Говорят, что прежде, еще при царе, такие герои были. Воровские предания еще помнят знаменитых налетчиков, умелых и решительных взломщиков-медвежатников, гениальных жуликов-аферистов. Старые воры говорят, что неплохо им жилось и при НЭПе. Даже Гражданскую войну кое-кто из старых уголовников поминал добром. Тогда, конечно, работать было небезопасно, и чека, и контрразведка, чуть что, могли поставить к стенке. Зато и поживиться во время погромов, взятий городов, бесчисленных бегств, отступлений и наступлений было чем. Воры и налетчики объединялись иногда в целые армии, вроде банды Мишки-Япончика, составлявшей одно время серьезную политическую силу в Одессе. А теперь… Было очень трудно возразить что-нибудь дельное старому, морщинистому менту — начальнику здешней КВЧ, когда тот, собрав вокруг себя блатных, начинает толковать с ними «про жизнь». Про то, например, что воровскому племени в Советском Союзе пришла хана и нет этому племени никакого ходу. Всякий человек в социалистическом государстве находится на строгом учете и жестко прикреплен к месту своей работы и проживания. Свободно мотаться по стране никому не позволено, жить не работая — и подавно. Буржуев в СССР нет. Обворовывать можно либо трудящихся, у которых «в одном кармане вошь на аркане, а в другом — блоха на цепи», либо государство. Но по закону о расхищении народного достояния за кражу килограмма гвоздей со строительства или мешка картошки в колхозе паяют червонец срока… Начальник усиленно советовал всем скокарям, домушникам, ширмачам и щипачам честно «добивать» свой срок и «завязывать», переквалифицировавшись в серых фрайеров. Перспектива была унылая, но возражали начальнику КВЧ только сявки да иногда молодые блатнячки, вроде Пролей-Слезу. Старые воры, такие же седые как и этот начальник, понуро молчали. Что тут скажешь? Что вор-де живет хоть одну неделю в несколько лет, зато как живет! На одном извозчике сам едет, а на двух других за ним его портянки везут… Но ведь даже эти портянки существуют только в воображении желторотых сявок.

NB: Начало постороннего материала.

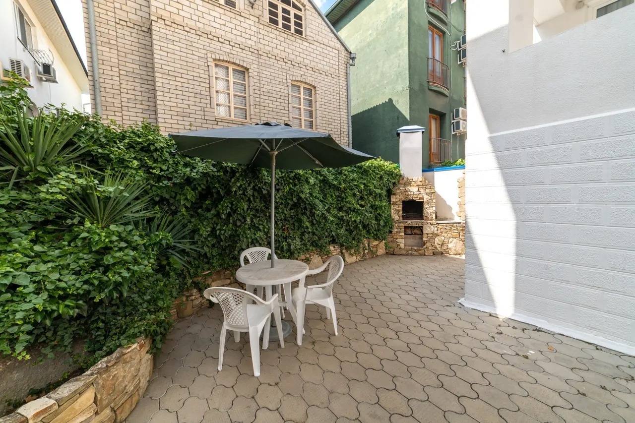Территория огорожена, на входе - кодовый замок. Аллея колоновидных туй, вазоны с цветами, античная лужайка, столики со стульями под зонтами располагают к уютной домашней атмосфере. Для гостей, путешествующих на автомобиле, на территории имеется открытая бесплатная парковка.

Временами Ниной овладевало глубокое уныние. Неужели ее жизнь так и пройдет без встречи хотя бы с одним настоящим мужчиной, похожим на героев воровских легенд? Во всяком случае, здесь, в Галаганных, это невозможно. В лагерях легкого труда, да еще такого, как сельскохозяйственный, где работающих трудно держать под постоянным конвоем, содержатся больше старики, инвалиды, мелкосрочники и всякая мелочь пузатая: незадачливые фармазоны, начинающие скокари, погоревшие на краже лубяных чемоданов с грязным бельем, да чердачные воришки-сявки. На этом фоне к воровскому сословию может причислять себя даже нынешний Нинкин, а в прошлом Розкин хахаль — здешний каптер. До ареста он был колхозным полевым учетчиком, мухлевал за взятки трудоднями. Брал за их приписку с кого десяток яиц, а с кого и курицу. Говорит, жил богато… Хоть бы приврал чего-нибудь… А то: двух кабанов кормил, избу-пятистенок строил… Действительно, серый деревенский штымп без намека на воображение.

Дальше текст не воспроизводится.